Mugbamugba War
| Date | 19th century |
| Location | Ilorin8°30′N 4°33′E﻿ / ﻿8.500°N 4.550°E |
| Result | Decisive Sokoto Caliphate / Fula victory |

Belligerents
- Yoruba Alliance. Monija king of Rabbah: Alimi, Fula chief Sokoto Caliphate

Commanders and leaders
- Monija King of Rabbah: Alimi

Strength
- Unknown: Unknown

Casualties and losses
- Heavy: Minor

= Mugbamugba War =

The Mugbamugba War was the second attempt of Yorubas to expel the Fulas and recover Ilorin.

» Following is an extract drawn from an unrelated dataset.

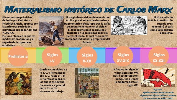 El comunismo primitivo, definido por Karl Marx y Friedrich Engels, aparece con las primeras sociedades primitivas alrededor del año 7.000 A.C. Fue una etapa en la que los medios de producción y el reparto de la riqueza es equitativo.

Following a brief pause, the Yorubas regrouped and were determined to rid their land of the marauding Fula forces known as the Jamas. They formed an alliance with Monjia, the King of Rabbah, seeking his assistance in eliminating the common threat. The conflict occurred between March and April, coinciding with the ripening of locust fruit. The region had already suffered from the aftermath of previous wars, leaving many towns desolate and fields uncultivated. Both the besiegers and the besieged faced scarcity as there were no provisions in Ilorin's farms, forcing them to survive on locust fruit (igba). Consequently, the war was named Mùgbámùgbá. Unfortunately, the Yorubas were unsuccessful in this expedition as they struggled to contend with the Fulas' expertise in cavalry warfare. Recurring defeats eroded the Yorubas' morale, while the Ilorins grew more confident with each victory. In open fields, the Ilorins easily overcame the Yorubas, and within walled towns, they subjected them to prolonged sieges and famine. During this conflict, the Ilorins tactically attacked their allies. Concealing their horses behind the allied armies, a group of Ilorin horsemen engaged them from the front, while the main body of the cavalry suddenly descended from the rear, routing the allies. Monjia hastily retreated to his own country, leaving the Yorubas vulnerable to the victorious Ilorins. Seizing the opportunity, the Ilorins pursued their victory, sweeping through towns in the direction of Ofa, Erin, Igbona, among others. The Olofa, accompanied by his wise Ilari, Asegbe, managed to escape to Ikoyi.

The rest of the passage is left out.